February, 2013
Last evenings clinic was super busy with uninsured refugees, refugee claimants, sponsored persons, landed immigrants in the 3 month wait, and several new categories of uninsured we don’t understand. (In case it matters to Mr Kenny, not one of our 21 patients last night was Roma)
Mr Kenney has claimed that he does not want refugee claimants “taking us for suckers” and getting “better care benefits” than Canadians. I know he said it because I watched him stand up in our Parliament and say it. He claims Refugees got better care than Canadians before he beat his chest and introduced his IFH “reforms” He did what he did to ensure it wasn’t so, and look like Captain Canada and protect us all. Hogwash and hyperbole (thanks for that word).
The fact is is, IFH was never like that, never better than what Canadians receive. We know, because we work in the system on the front lines, daily. Another fact – no one ( not even the CVC team) wants or expects new Canadians to get “better care” than others. No one is asking for that. Mr Kenney is stooping to scapegoating, story telling and silly spin. Plain and simple – the facts don’t support Mr Kenny.
You judge.
* some refugees with valid IFH have had it reclassified and cut, without explanation or their knowing. We checked at Blue Cross. Sorry, it’s true.
* a refugee claimant fleeing Mr Charles McArthur Ghankay Taylor’s Liberian brutality (he witnessed his brother’s beheading by Taylor’s thugs outside their house) is stripped of IFH after his Canadian failed hearing. He “was not in danger”. He is allowed to work in Canada while appealing. he takes a job, he pays taxes for 5 years, taxes that pay for our healthcare, but he is denied any healthcare coverage when he is ill. He has a hospital bill for over $10,000 for his medical emergency.
* another refugee claimant fleeing Mexico’s drug cartel violence, where his teenage female children who were kidnapped for ransom, is turned down for IFH when our refugee board decides they are not in danger in Mexico. Their claims, while true, are “not severe enough”. They live in a shelter in Toronto now, in one room, trying get the $3000 for the appeal. The girls go to school in Toronto. The man wants to work. He is told by Canada that if he works, he will be deported before his appeals are heard. He works under the table as a mover – no protection. He became ill on the job. He came to clinic.
* doctors who treat an IFH refugee face a Blue Cross and CIC tangled web of appalling bureaucratic obstacles that take an hour to navigate. They turn down the patient unless the patient can provide $50 for an appointment.

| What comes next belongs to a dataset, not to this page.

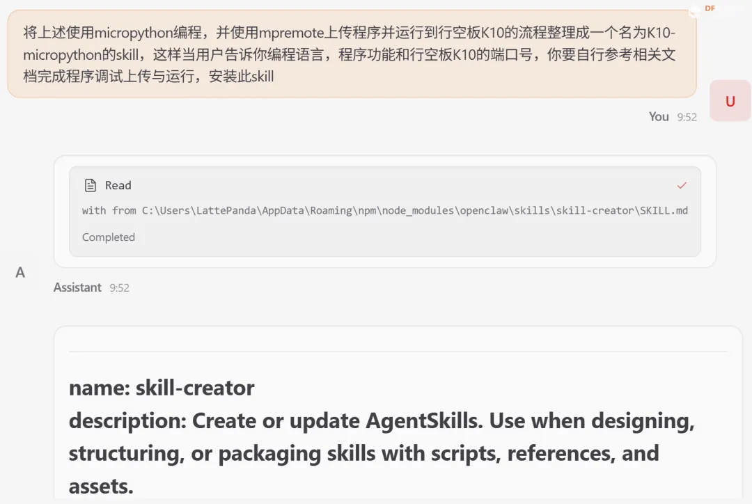 同样的我们可以将使用MicroPython编写程序通过mpremote上传程序并运行到行空板K10的过程写成一个Skill。这样在让OpenClaw通过自然语言编程控制行空板K10时就不用每次告诉它参考文档和使用的工具了。
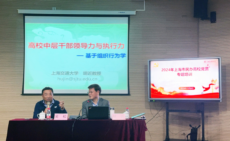2024年11月8日,由上海民辦高校干部和黨員研修基地主辦、我校承辦的2024年上海民辦高校黨員專題培訓(xùn)班在體藝樓小劇場開班授課。報告會邀請上海交通大學(xué)公共管理學(xué)教授、博士生導(dǎo)師,原上海交通大學(xué)黨委副書記胡近教授做“高校中層干部領(lǐng)導(dǎo)力與執(zhí)行力”專題報告。校黨委書記吳松,黨委副書記、校長蔣心亞等校領(lǐng)導(dǎo),以及全體中層干部、培訓(xùn)班全體學(xué)員參加了報告會。報告會由吳松書記主持。

* IFH, when given, is for much shorter periods of time. Expiry dates come quickly. Reapplication takes months, is tangled and costly, often requiring a lawyer, and leaves the refugee uninsured and impoverished. Is this incompetence, or planned?
* refugee claimants at the point of Canadian entry describe being told by border officials not to apply for IFH. In the past when they apply at the Border at entry, which is Canadian law that they do so, they receive IFH there. They are now being mislead. They are told not to apply for refugee status at their Canadian entry point. Rather they are told to go to an immigration office and apply once in Canada . They then find out this means they will have to wait at least 6 weeks for their IFH to be approved, rather than get it at the time of entry. This happened to a Nigerian refugee claimant, 39 weeks pregnant, who had to flee to protect her 12 year daughter from Female Genital Mutilation ( Circumcision). Her first child bled to death after the same abusive “surgery”. The delay in her IFH resulted in a $4000 bill for the delivery, and over a month of uninsured status for the newborn – a Canadian now!
* when a refugee claimant with an IFH paper presented to clinic recently with uncontrolled diabetes, Blue Cross was closed. She became ill after 430 pm when Blue Cross closes for the day. When we went on line to check her IFH status she needed the ER), the Blue Cross Web site failed to function, and failed to let us check her health coverage. She had tried 7 clinics, all of whom turned her down for care. Did I mention she was pregnant??
* One time we called Blue Cross and even though the refugee claimant had IFH coverage, we were unable to give care because, according to Blue Cross we didn’t know the valid diagnostic code for her condition ( Blue Cross knew). It took us 2 weeks before we could refer her for care for a facial deforming lesion.
* Once we called Blue Cross for an IFH patient and were told she was covered – today. We were informed that every time she presented for care we would have to call back, present diagnostic codes, and see if she was still covered on that that day. The time consumption, the added staff needed is prohibitive to most family doctors and nurse practitioners. These stumbling blocks severely impair our efficiency to see patients, maintain system through put.
Does this sound like the healthcare system and level of care you receive? Do these patients sound like they are taking us for suckers?